Apparently he had a lot to say about who she should be friends with and how much time she should spend with her friends and her family.  Apparently little things that upset him became big things to her and if friends and family were part of his issue then she went in to bat for him, causing tension in her own relationships.

Her mother, my friend, was quite distressed.  She sensed a wedge being driven between her and her daughter and she was quite sure that it was not of her daughter’s doing.  She could see the influence that this man was having.  She didn’t like it but she was at a loss as to what to do as any mention of it to her daughter was met solely with defensiveness.
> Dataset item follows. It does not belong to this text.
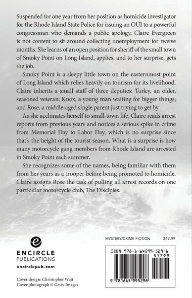 Suspended for one year from her position as homicide investigator for the Rhode Island State Police for issuing an OUI to a powerful congressman who demands a public apology, Claire Evergreen is not content to sit around collecting unemployment for twelve months. She learns of an open position for sheriff of the small town of Smoky Point on Long Island, applies, and to her surprise, gets the job. Smoky Point is a sleepy little town on the easternmost point of Long Island which relies heavily on tourism for its livelihood. Claire inherits a small staff of three deputies: Turley, an older, seasoned veteran; Knox, a young man waiting for bigger things; and Rose, a middle-aged single parent just trying to get by. As she acclimates herself to small-town life, Claire reads arrest reports from previous years and notices a serious spike in crime from Memorial Day to Labor Day, which is no surprise since that's the height of the tourist season. What is a surprise is how many motorcycle gang members from Rhode Island are arrested in Smoky Point each summer. She recognizes some of the names, being familiar with them from her years as a trooper before being promoted to homicide. Claire assigns Rose the task of pulling all arrest records on one particular motorcycle club, The Disciples.

At the time I expressed empathy for my friend, tried to console her and we brainstormed a few ideas and options.  I related my own experience of being in my 20s with a much-loved partner whom, on reflection, I also went in to bat for perhaps more often than was warranted. I tried to solve his problems and appease his worries when really that was his job.

I was pondering this later when I realised that this was perhaps an issue of blurred personal boundaries.  Personal boundaries, in psychology-speak, are the limits – physical, mental and emotional – that we establish around ourselves to differentiate ourselves from others.  They allow us to separate who we are and what we think and feel from the thoughts and feelings of the people around us.

Givers have to set limites ellen jackson

Personal boundaries are critical to healthy relationships but it can be very easy to let them blur, particularly when we’re young, inexperienced, or perhaps haven’t had clear boundaries and healthy relationships modelled to us in the past.

Signs of unhealthy boundaries include:

  • Feeling guilty for saying no
  • Doing things for others that we really don’t want to do
  • Allowing unwanted physical contact
  • Not speaking up when others treat us badly
  • Giving endlessly to others in order to please them
  • Taking endlessly from others because we can
  • Rescuing others or allowing ourselves to be rescued instead of solving our own problems and encouraging others to solve theirs.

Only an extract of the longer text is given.